Unconventional volatile-oil reservoirs exhibit near-constant produced gas-oil ratio (GOR) at pressure below the bubble point, a behavior that is quite different from that in conventional reservoirs. The primary purpose of this paper is to explain the reasons for this observed anomalous behavior using compositional reservoir simulation, with field examples from Eagle Ford shale play. Then it discusses how GOR history can help us interpret rate transient analysis (RTA) diagnostic plots and forecast multiphase well production using decline curve analysis (DCA) methods, which were originally developed for single-phase flow.

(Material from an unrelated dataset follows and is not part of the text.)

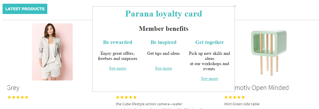 The "Loyalty card benefits" Journey is used as CRM content for the popin
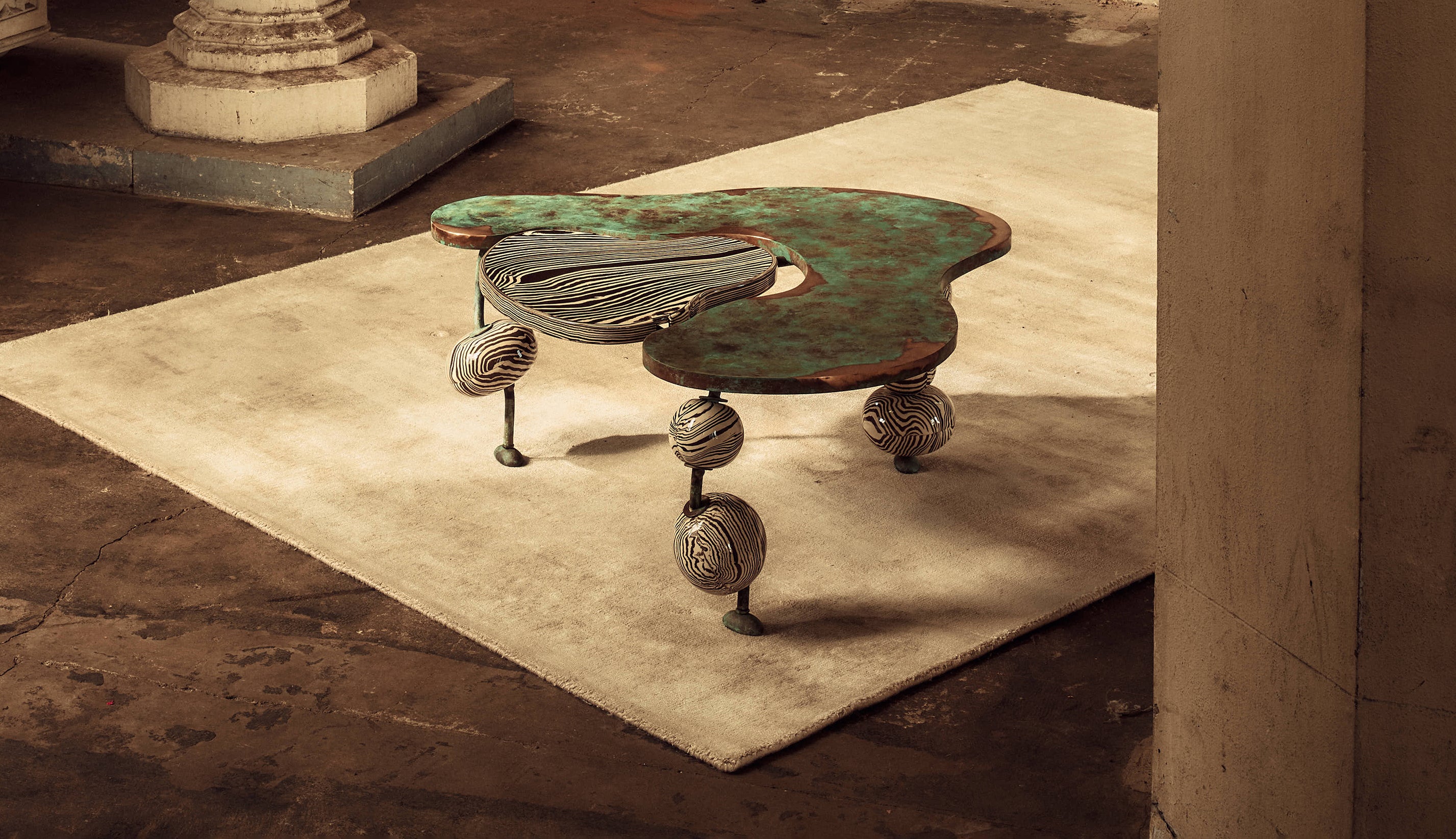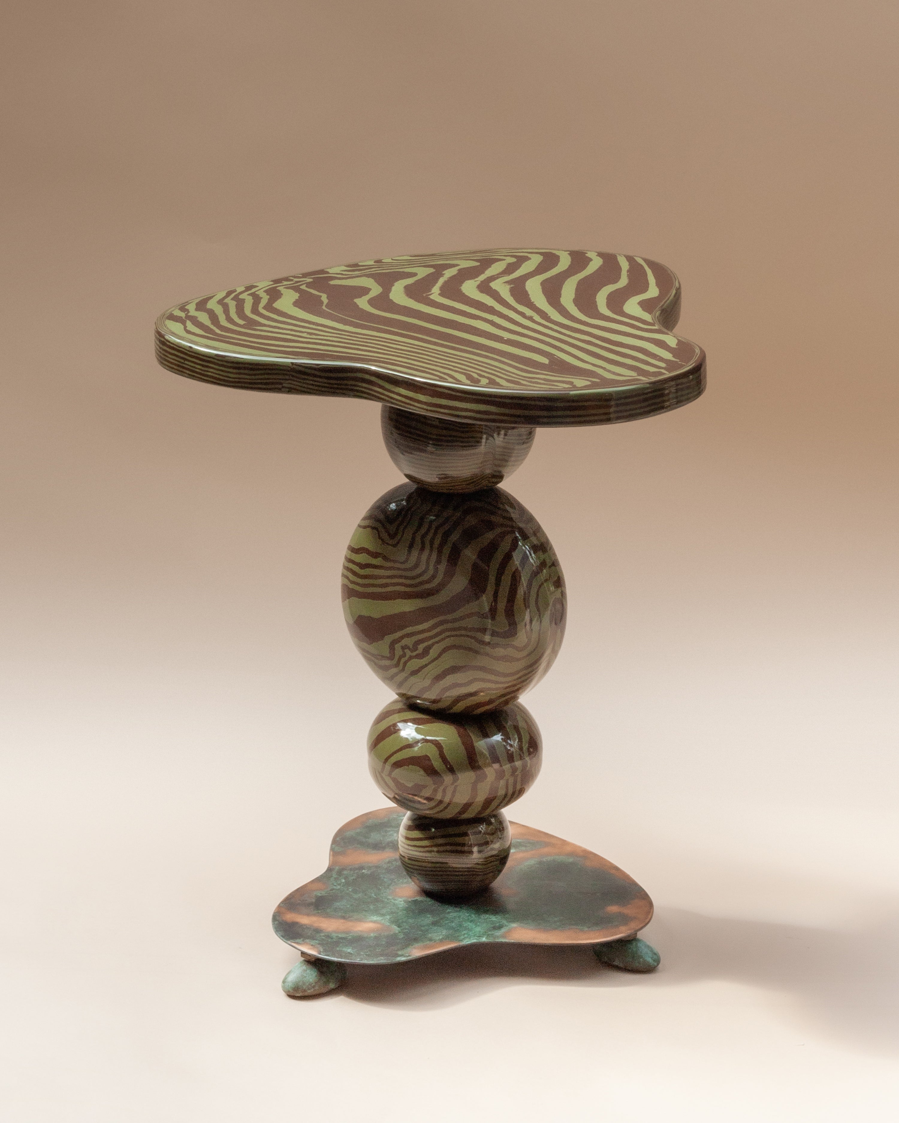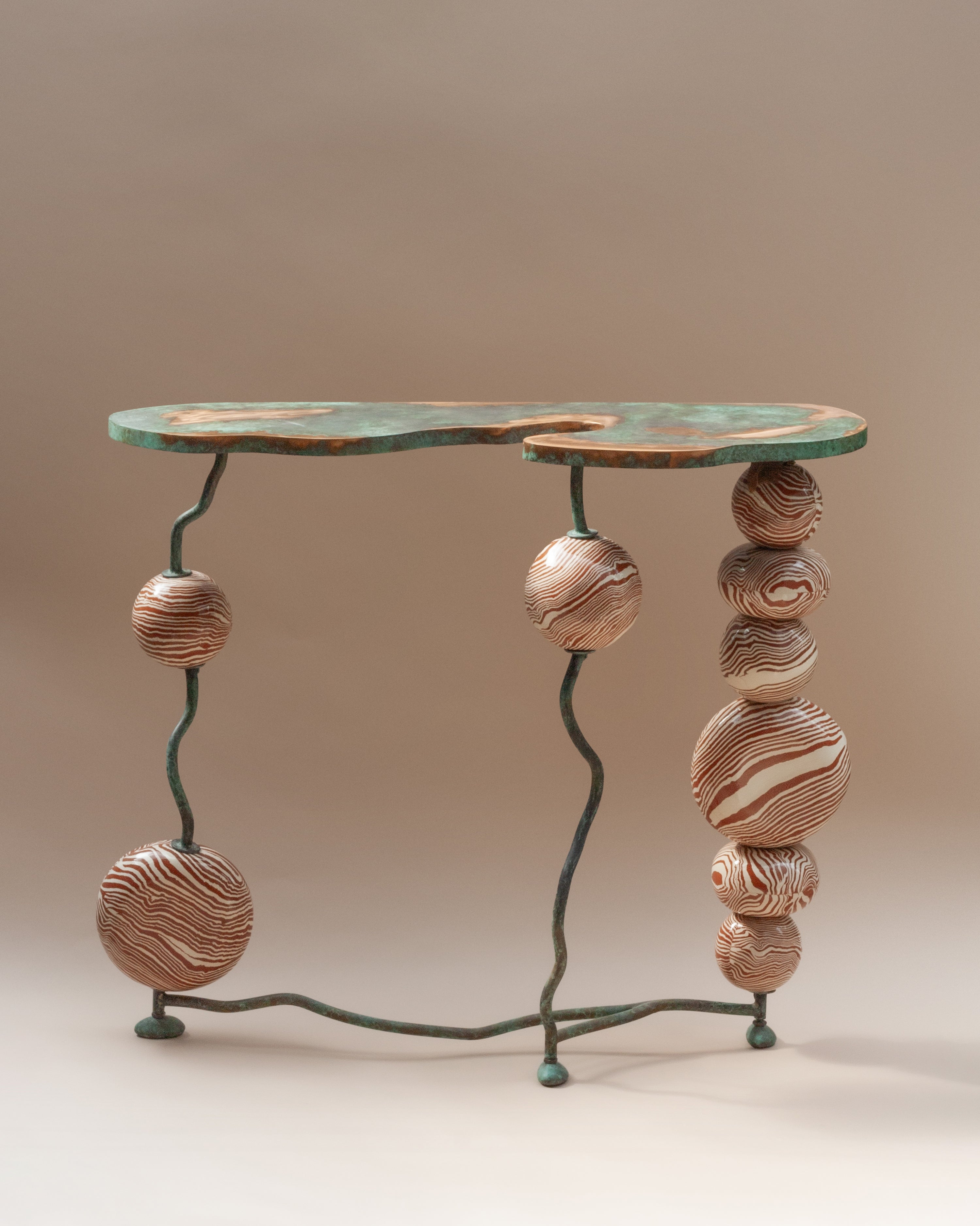 Nerikomi spheres – marbled ceramic orbs hand-built using the studio’s distinctive stacking, folding and rolling technique – appear throughout, threaded along the bronze legs of the tables and grounding the pouffe as sculptural feet.

We have conducted comprehensive reservoir numerical simulations to model the non-linearity caused by the impact of nano-pores on rock and fluid properties, complex pore networks and the multiple porous media flow systems created by multi-stage fracture stimulation. We used the numerical model to generate synthetic datasets based on realistic reservoir fluid and rock properties. volatile-oil reservoirs produced under various rate/ flowing pressure production conditions. The fundamental difference between GOR during linear vs. radial flow were explained using our simulation model. We used traditional RTA approaches to analyze producing GOR and pressure and saturation changes within the reservoir. We then modeled production rate at varied pressure drawdowns and performed DCA on data from flow regimes identified with RTA plots and GOR behavior.
We found that the flattened GOR behavior is function of fracture conductivity, fracture spacing, critical gas saturation, fluid volatility, matrix permeability and bubble-point suppression. Analysis of GOR behavior helps us interpret where a well is in its GOR history and flow regime. We observed that GOR changes correlate with flow regime changes identified on RTA diagnostic plots. GOR is constant at a level higher than original solution gas-oil ratio during transient linear flow, and during most of the transition period that follows. A log-log unit-slope line forms only when pressure throughout the entire reservoir drops below the bubble point, and gas saturation exceeds the critical threshold, thus causing a sharp increase in GOR. This GOR can decline later if compound linear flow develops. Our study showed that DCA methods that employ different Arps b-parameters to represent different flow regimes, combined with drawdown-adjusted production rates, allow us to predict tight volatile oil reservoir performance with improved accuracy.